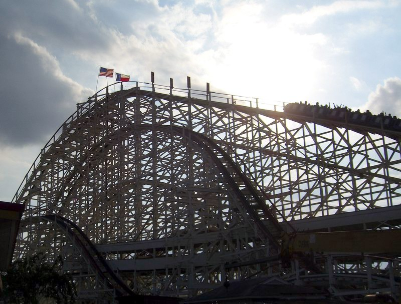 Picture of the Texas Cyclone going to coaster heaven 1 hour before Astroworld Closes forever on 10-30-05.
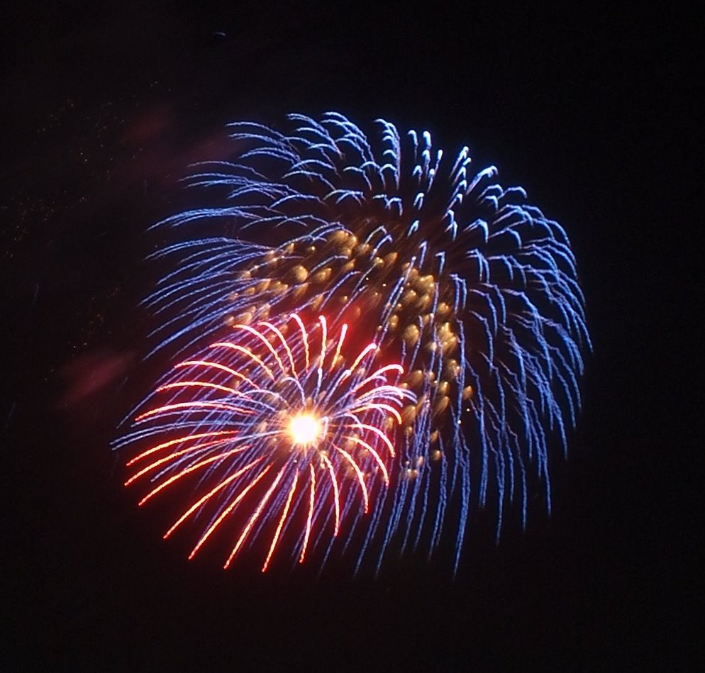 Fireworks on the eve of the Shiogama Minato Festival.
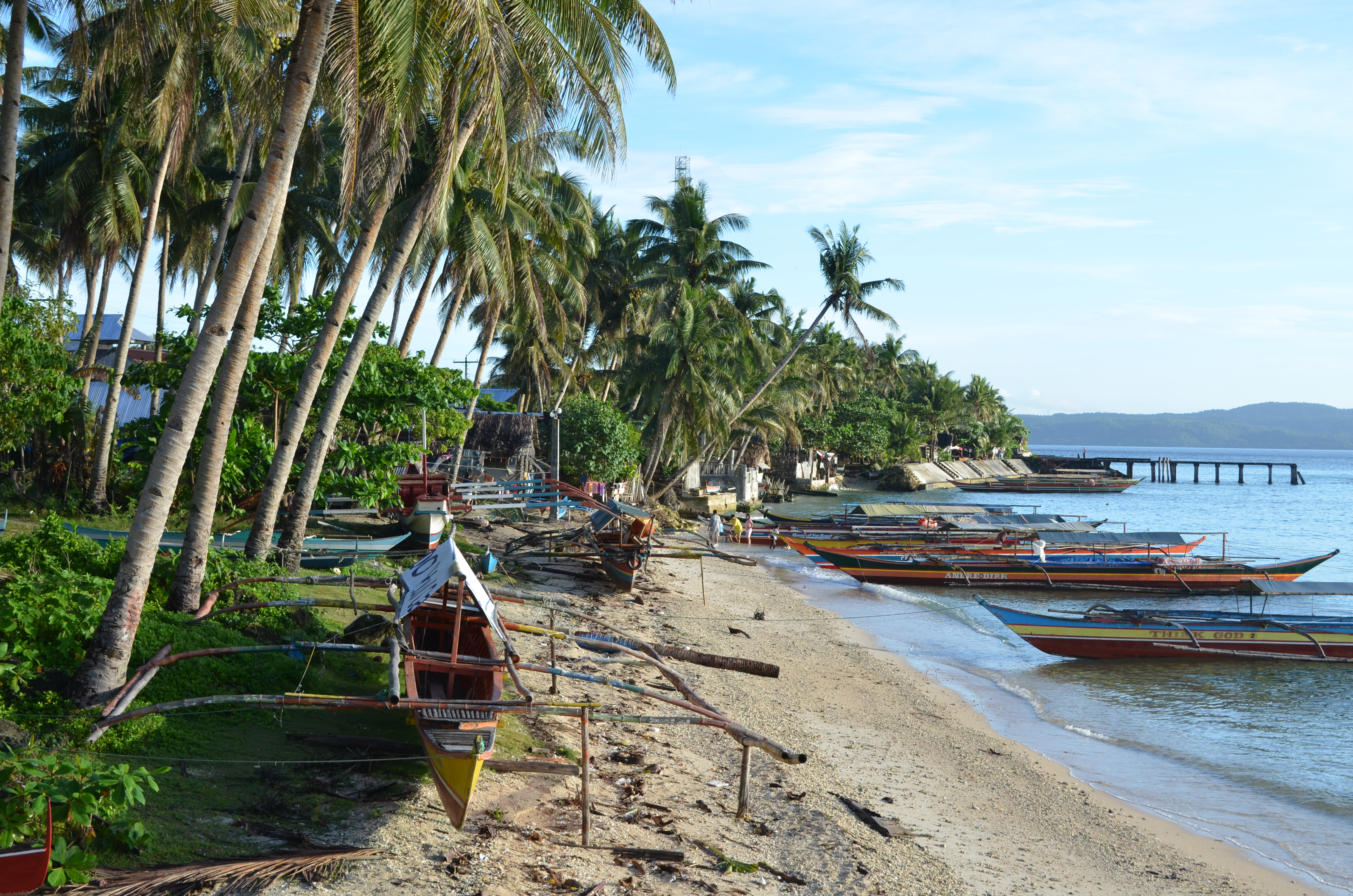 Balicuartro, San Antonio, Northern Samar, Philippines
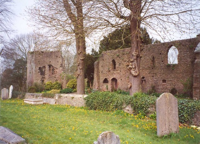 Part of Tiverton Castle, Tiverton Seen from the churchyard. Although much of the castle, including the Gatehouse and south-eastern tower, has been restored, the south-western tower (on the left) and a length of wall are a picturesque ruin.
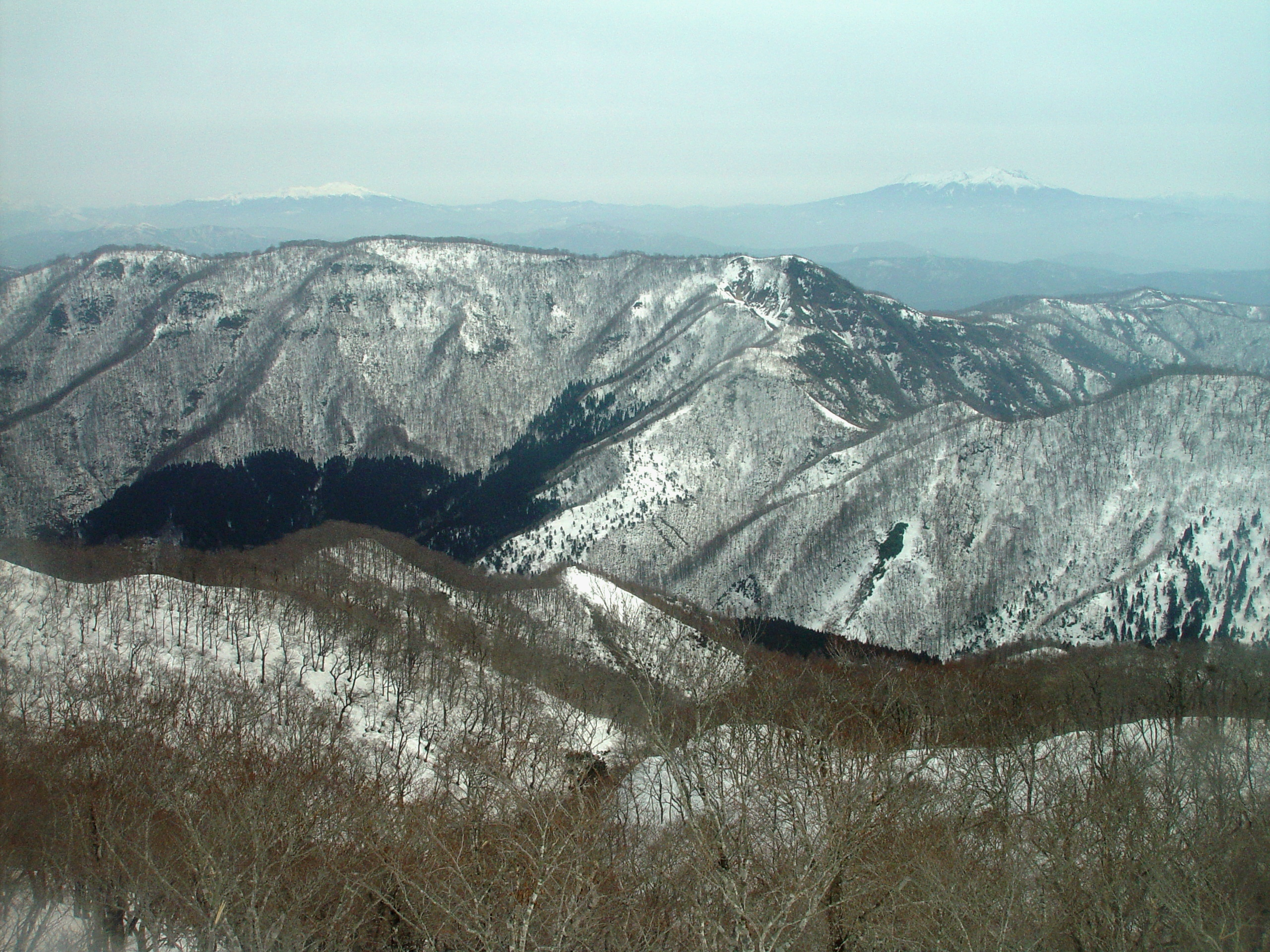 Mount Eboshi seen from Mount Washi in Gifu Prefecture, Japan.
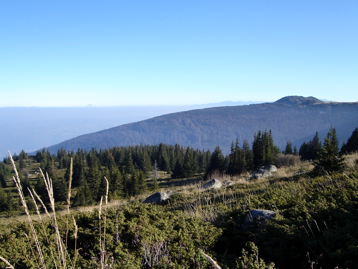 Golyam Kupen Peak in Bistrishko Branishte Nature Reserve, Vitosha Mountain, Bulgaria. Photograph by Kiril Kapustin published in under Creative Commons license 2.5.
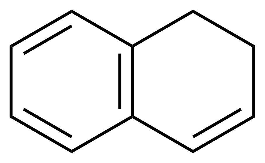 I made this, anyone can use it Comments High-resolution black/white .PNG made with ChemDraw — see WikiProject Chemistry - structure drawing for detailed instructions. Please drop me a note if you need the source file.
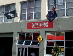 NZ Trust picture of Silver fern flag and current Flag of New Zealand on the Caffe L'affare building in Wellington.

########################################

Exercise brief ::
Transcribe only this stretch of the data: the line with "Fireworks on the", the line with "Mount Eboshi seen", and every line in between. Leave out the pictures.

Written response ::
 Fireworks on the eve of the Shiogama Minato Festival.
 Balicuartro, San Antonio, Northern Samar, Philippines
 Part of Tiverton Castle, Tiverton Seen from the churchyard. Although much of the castle, including the Gatehouse and south-eastern tower, has been restored, the south-western tower (on the left) and a length of wall are a picturesque ruin.
 Mount Eboshi seen from Mount Washi in Gifu Prefecture, Japan.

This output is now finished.